No reportable fiction again today, so only one day left in the bank. I did, however, write a short poem that occurred to me as I was exploring story ideas. That was fun, and something that hasn’t happened in a long time.

Talk with you again tomorrow.

Of Interest

See “No More Platform Anxiety, Please” at

See “Young Adult Author Cancels Own Novel After Race Controversy” at

As a writer who is strictly against any form of censorship, this sickens me. It also makes me angry. Whatever happened to “If you don’t like it, don’t read it”? This young woman is voluntarily losing a six-figure advance because of a “groundswell” of control freaks whose desire is to rewrite history. Shame on them. And shame on her for giving in to them.

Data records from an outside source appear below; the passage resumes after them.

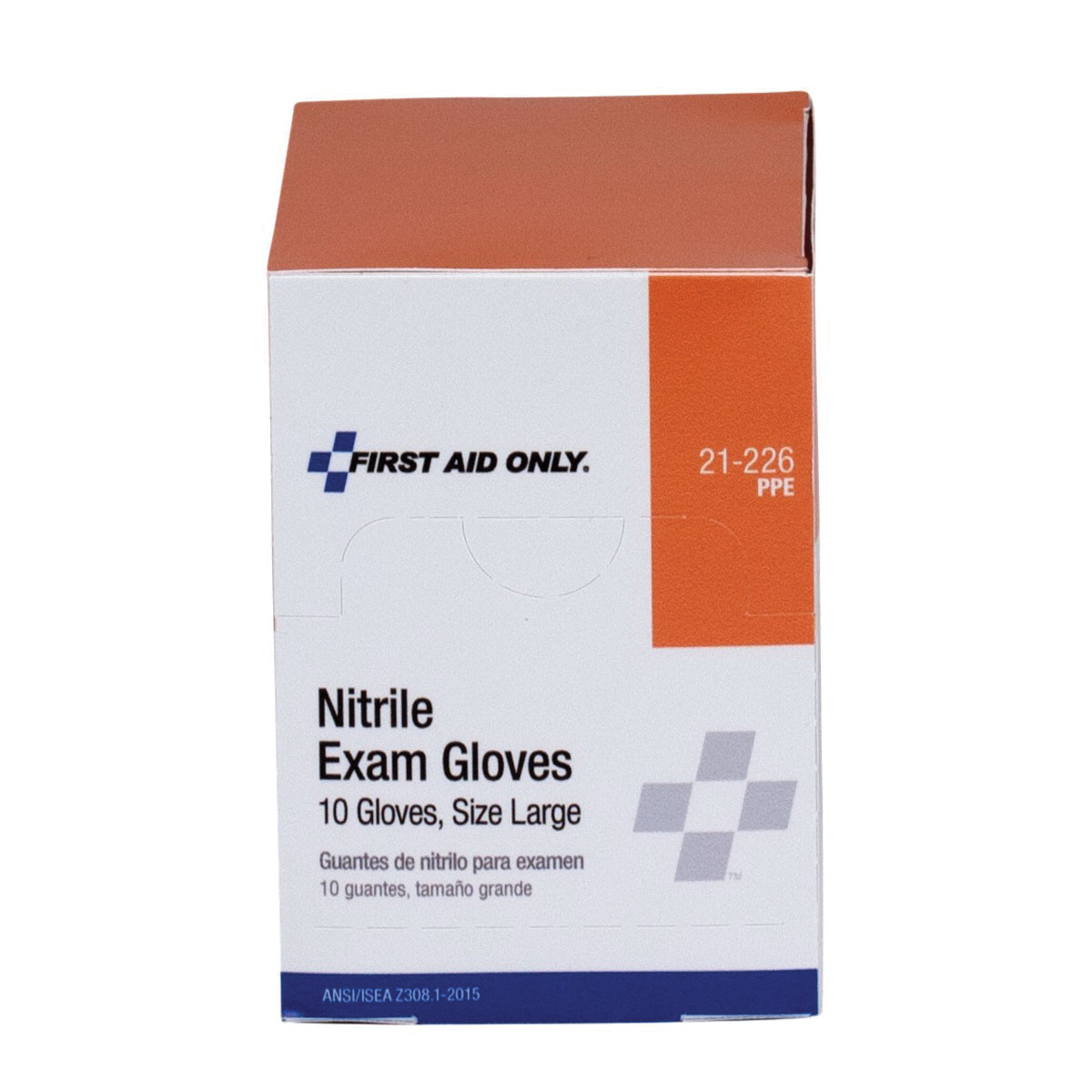 First Aid Only 21-226 Nitrile Exam Gloves, L, Nitrile, Clear, 10 in L, Non-Powdered, Application Type: Medical, Dental and EMT Personnel
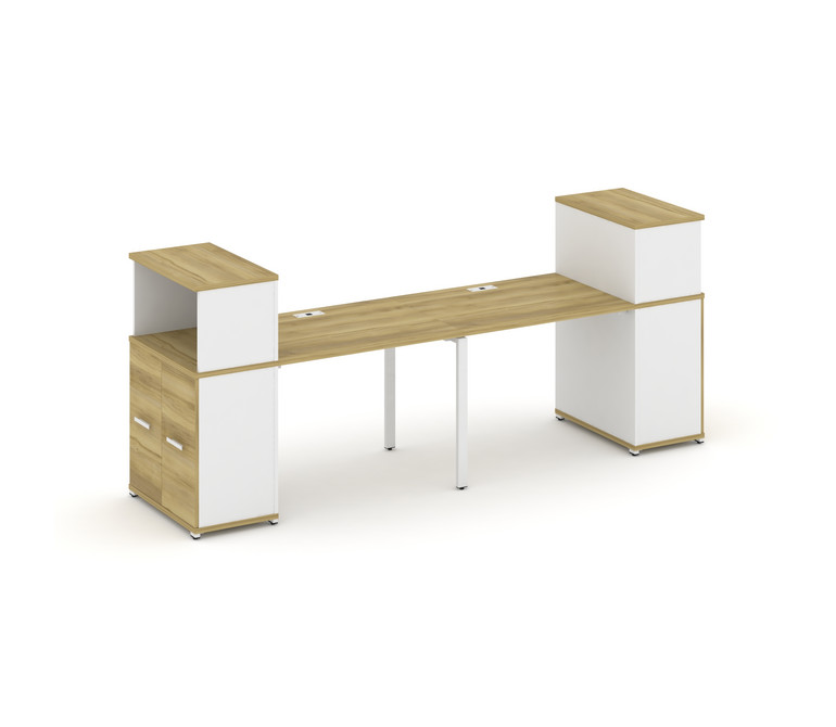 Concept Рабочая станция с опорными распаш. шкафами с надставкой низ. CN.ORS-225 W Дуб Винченцо/Белый
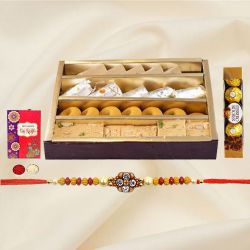 Celebrate Raksha Bandhan with this exquisite gift set featuring a set of 2 Ganesha and Krishna Rakhis by Rakhi Sutra, symbolizing divine blessings and protection. Savor the rich taste of 250g of Kaju Katli, a beloved traditional Indian sweet. Complete the festive rituals with complimentary Roli Tika N Chawal, and express your heartfelt wishes with a complimentary message card included free of charge. This thoughtful combination of divine rakhis, delicious sweets, and traditional elements is the perfect way to honor and celebrate the cherished bond between siblings on this special occasion of Raksha Bandhan.
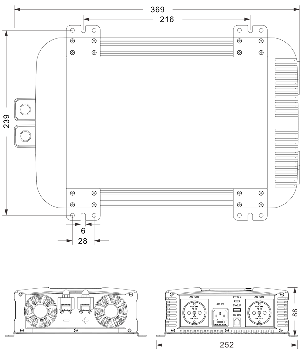 نقشه های مکانیکی: (369x252x88 میلی متر)
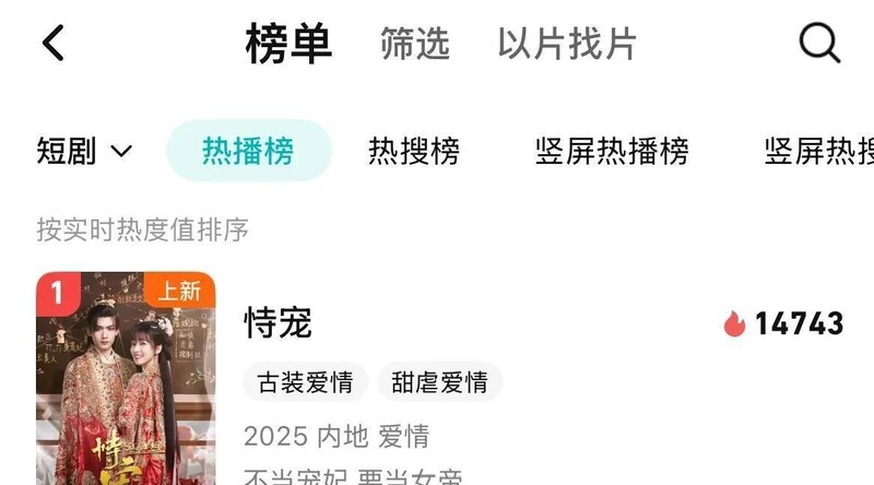 12月29日,古装短剧《恃宠》首日站内热度值便冲到了14743,一举拿下平台短剧热播榜TOP1的宝座。《恃宠》的首日登顶,只是2025年末,短剧狂潮中的一个高光瞬间。这个行业正在经历从,“流量争夺”到“品质竞争”的,深刻转变。

See “To The Book Community….” at Warning: Strong language.

An excerpt:

“This transcends politics. It doesn’t matter who is screaming at you, an abusive bully is an abusive bully. Don’t let abusive bullies run your life. That’s not just true for writing, but life in general.

“You want to be a creator? Good. Then go create. Make art. Make people happy. Tell the story you want to tell. And if people like your stuff, they’ll give you money for it. That part is pretty awesome.”

Also see “Choose Your Circles Carefully….” at

Fiction Words: XXXX
Nonfiction Words: 1160 (Journal)
So total words for the day: 1160

Writing of (novel)

Day 1…… XXXX words. Total words to date…… XXXX

Total fiction words for the month……… 3122
Total fiction words for the year………… 86526
Total nonfiction words for the month… 3220
Total nonfiction words for the year…… 28630
Total words for the year (fiction and this blog)…… 115155

Calendar Year 2019 Novels to Date………………………… 2
Calendar Year 2019 Novellas to Date…………………… X
Calendar Year 2019 Short Stories to Date……… X
Novels (since Oct 19, 2014)………………………………………… 39
Novellas (since Nov 1, 2015)……………………………………… 7
Short stories (since Apr 15, 2014)……………………… 193
Short story collections…………………………………………………… 31

4 thoughts on “The Daily Journal, Sunday, February 3”

  1. I was disappointed to see that writer back down on the book. It’s worse than book banning. Book banning tries to drive the books out of schools and libraries. This kind of censorship tries to drive the writer to stay silent. Very disturbing.

  2. Great advice for first-readers, Harvey. I tell my wife similar things when I give her something hot off the presses.

    As for the author who broke under the pressure of zealots…I only hope she learns from this and goes on to enjoy a flourishing indie career.

    • Thanks, Phillip. Re that foldable author, I hope she goes ahead as planned, takes her six-figure advance, then uses that to launch her full-time indie career.